Exercise aim: Find, in the records below, the line that contains "This Gildan basic" and the line that contains "Leaves: The leaves". Copy those two lines and everything between them exactly, but not the pictures.

Records for this task:
____________________
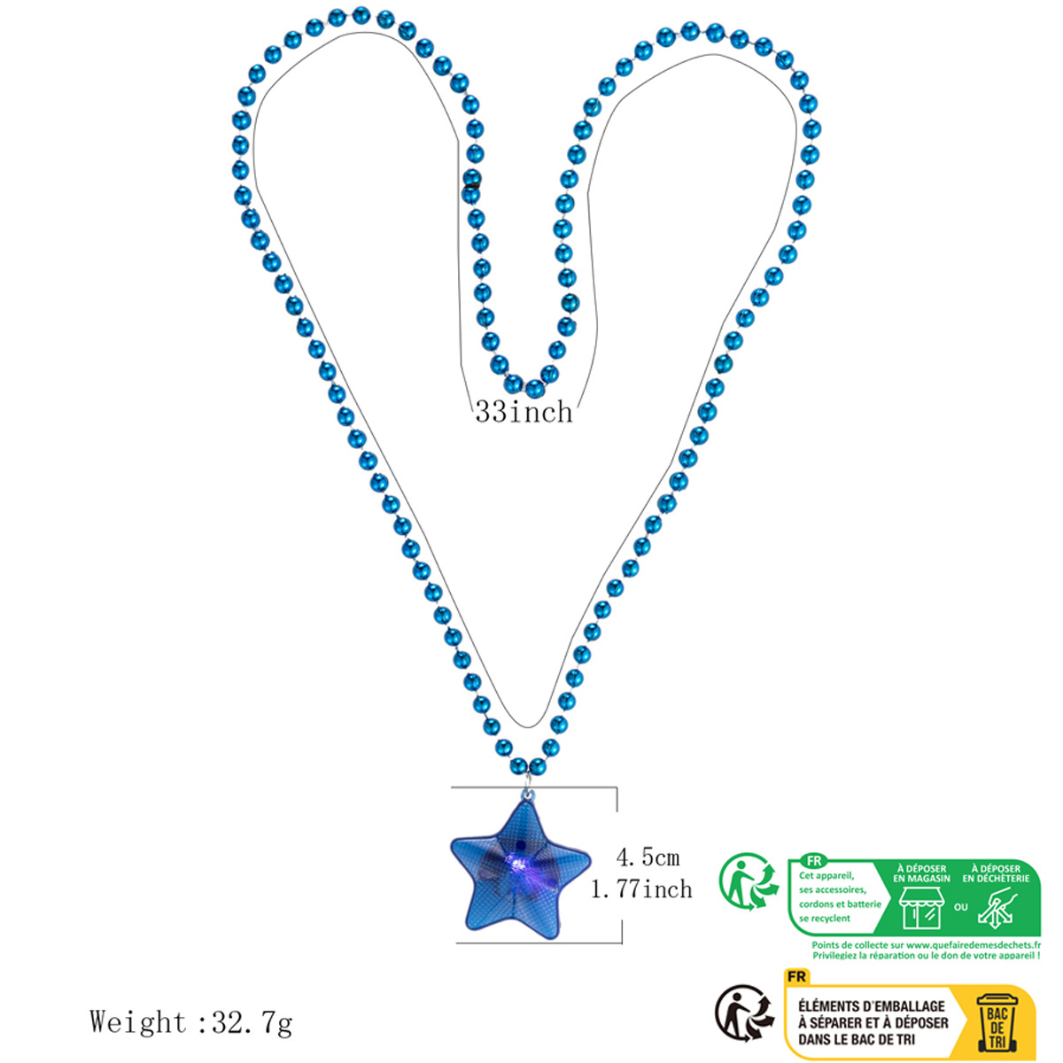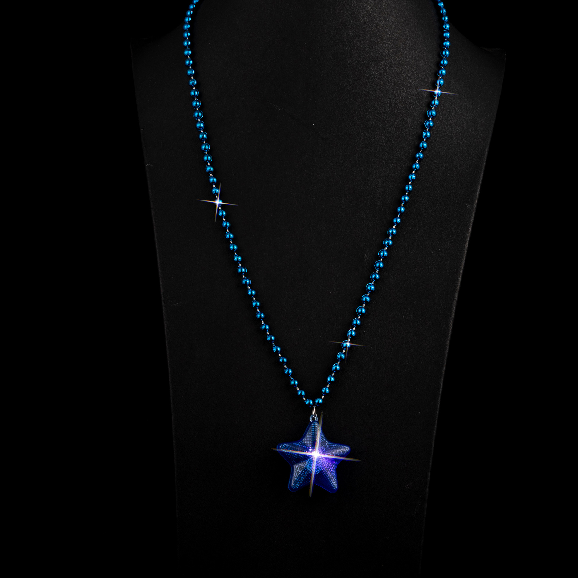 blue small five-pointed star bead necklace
____________________
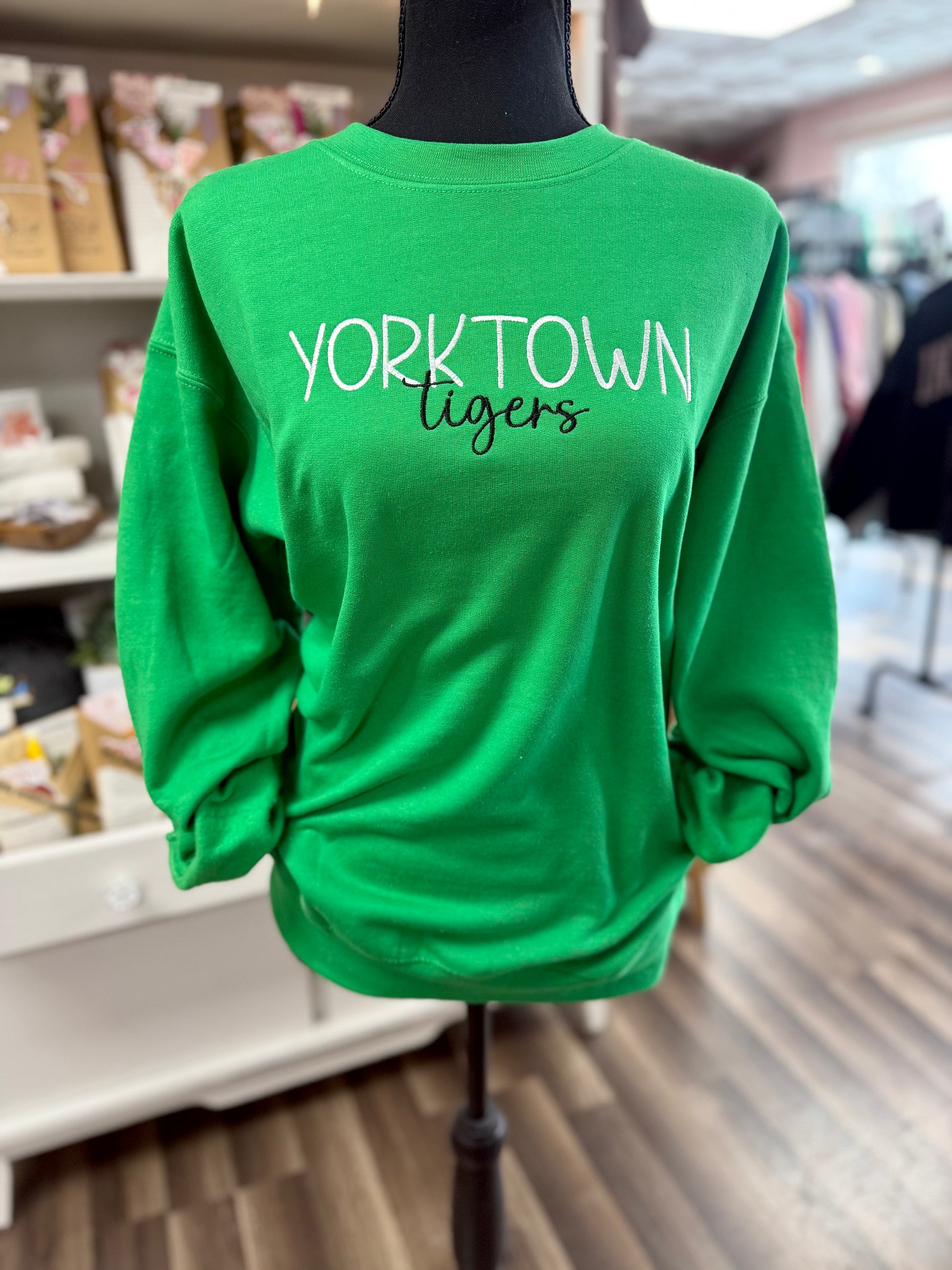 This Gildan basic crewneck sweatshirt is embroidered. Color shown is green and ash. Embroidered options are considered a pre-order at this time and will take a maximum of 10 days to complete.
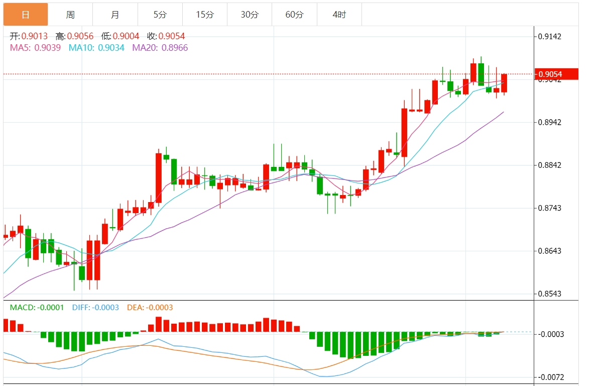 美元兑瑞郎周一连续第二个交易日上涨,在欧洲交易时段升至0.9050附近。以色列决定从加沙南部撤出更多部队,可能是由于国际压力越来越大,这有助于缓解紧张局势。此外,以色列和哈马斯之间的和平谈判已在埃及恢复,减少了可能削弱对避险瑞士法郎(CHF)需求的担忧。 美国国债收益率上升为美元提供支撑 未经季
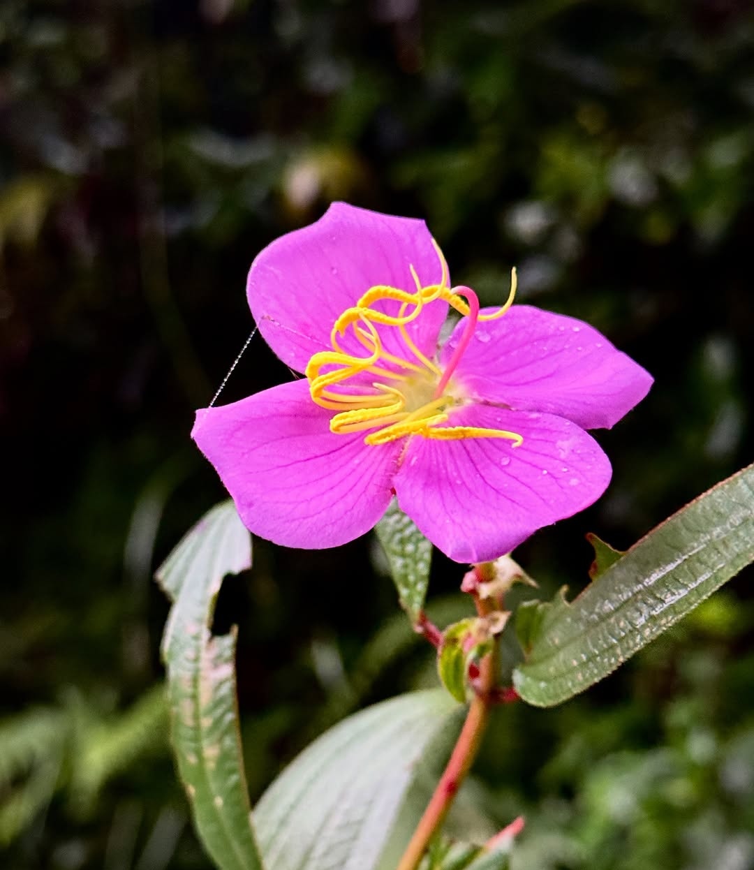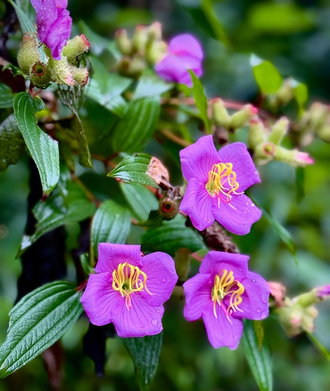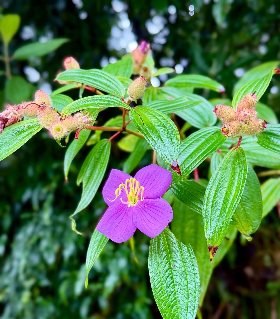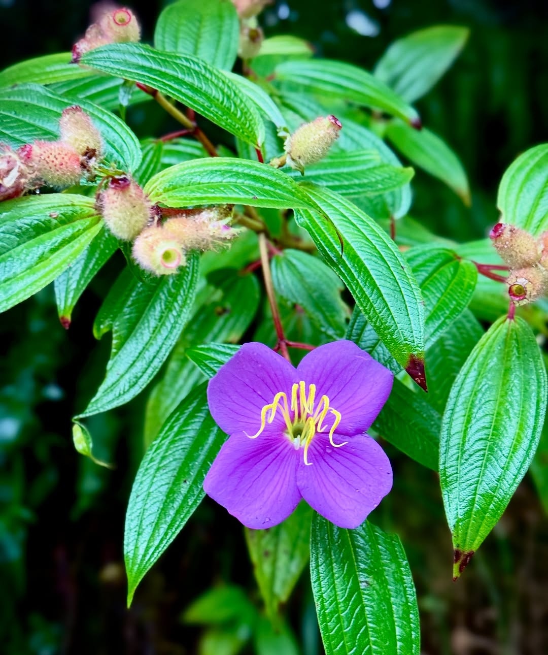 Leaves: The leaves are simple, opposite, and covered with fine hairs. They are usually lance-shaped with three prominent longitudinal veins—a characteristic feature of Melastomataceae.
____________________
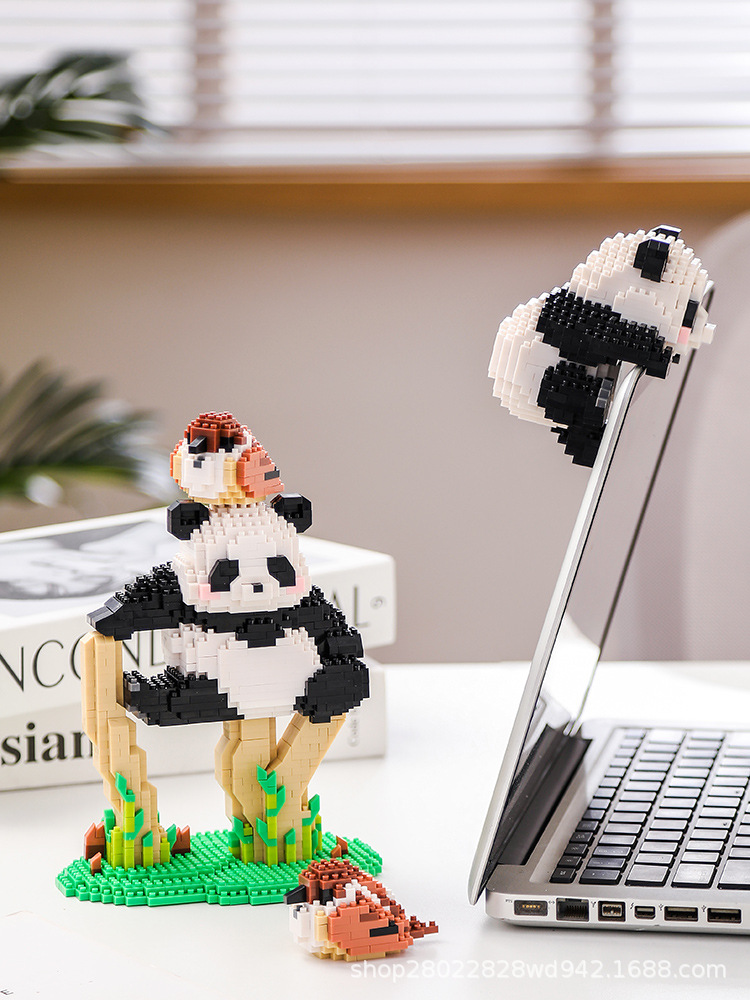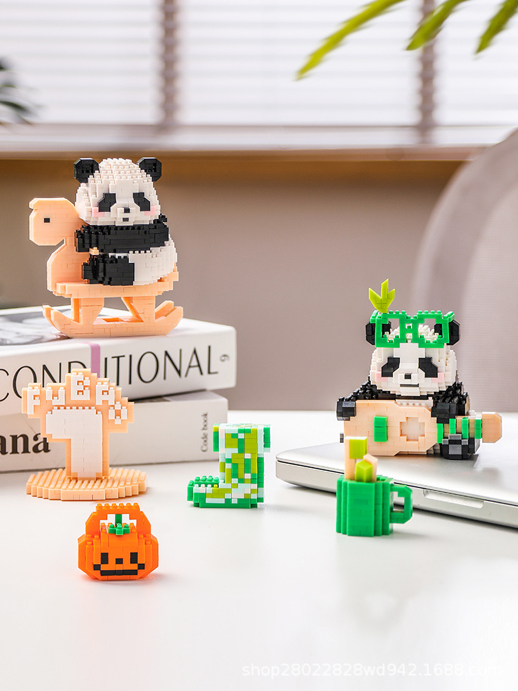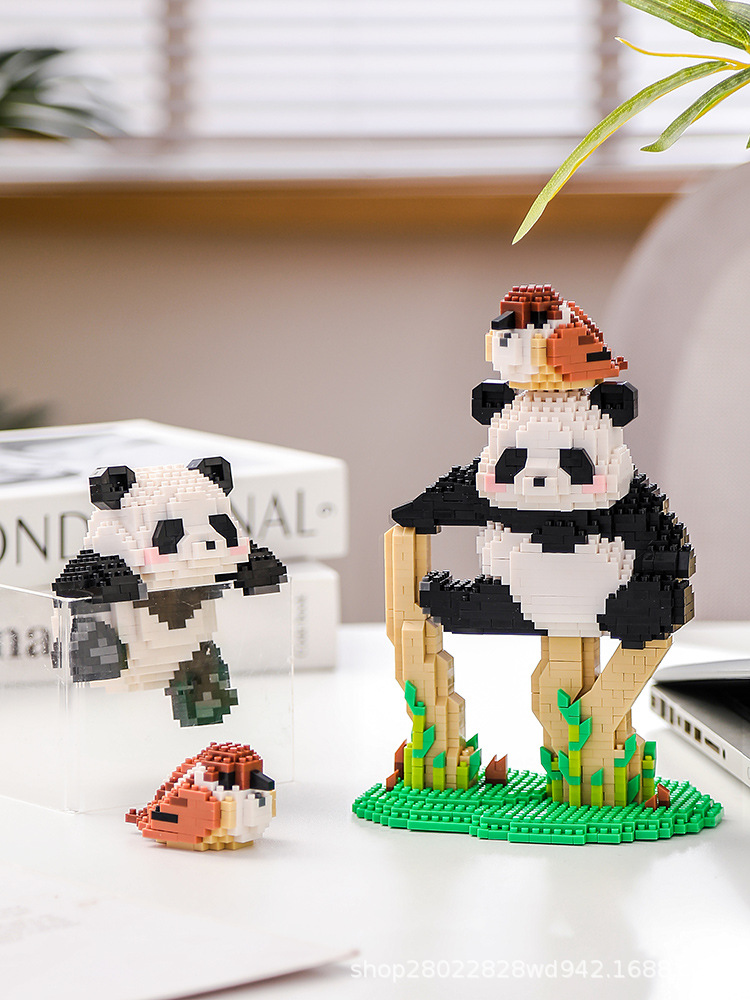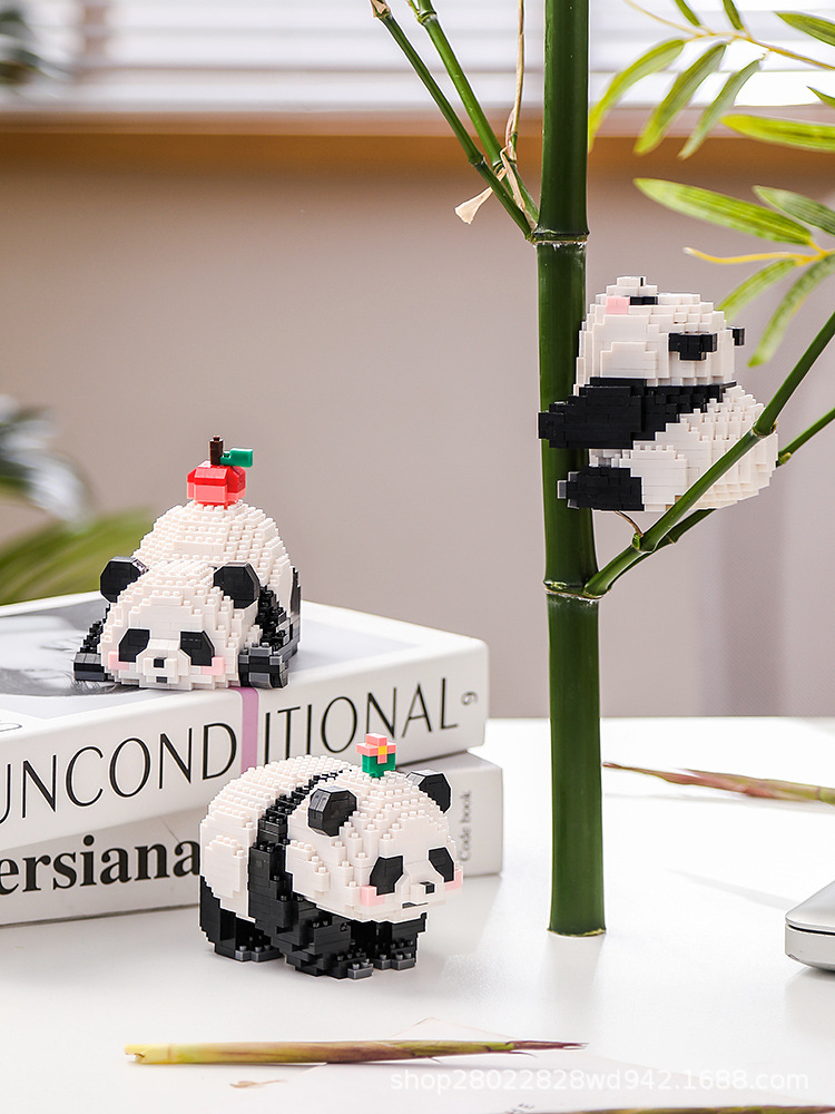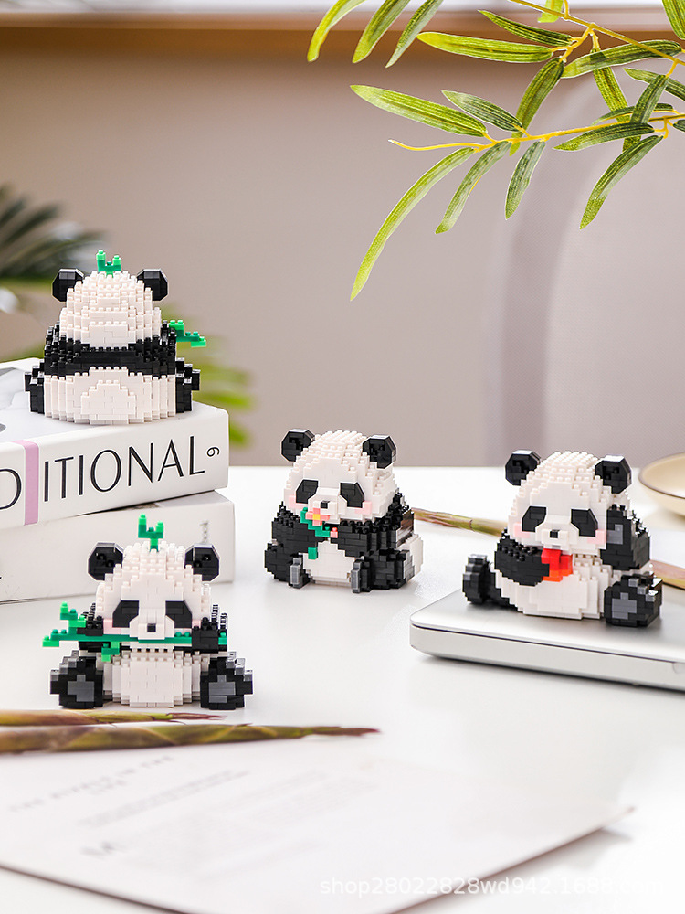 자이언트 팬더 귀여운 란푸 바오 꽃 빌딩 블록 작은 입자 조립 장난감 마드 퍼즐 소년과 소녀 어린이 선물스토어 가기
____________________
Your solution:
 This Gildan basic crewneck sweatshirt is embroidered. Color shown is green and ash. Embroidered options are considered a pre-order at this time and will take a maximum of 10 days to complete.
 美元兑瑞郎周一连续第二个交易日上涨,在欧洲交易时段升至0.9050附近。以色列决定从加沙南部撤出更多部队,可能是由于国际压力越来越大,这有助于缓解紧张局势。此外,以色列和哈马斯之间的和平谈判已在埃及恢复,减少了可能削弱对避险瑞士法郎(CHF)需求的担忧。 美国国债收益率上升为美元提供支撑 未经季
 Leaves: The leaves are simple, opposite, and covered with fine hairs. They are usually lance-shaped with three prominent longitudinal veins—a characteristic feature of Melastomataceae.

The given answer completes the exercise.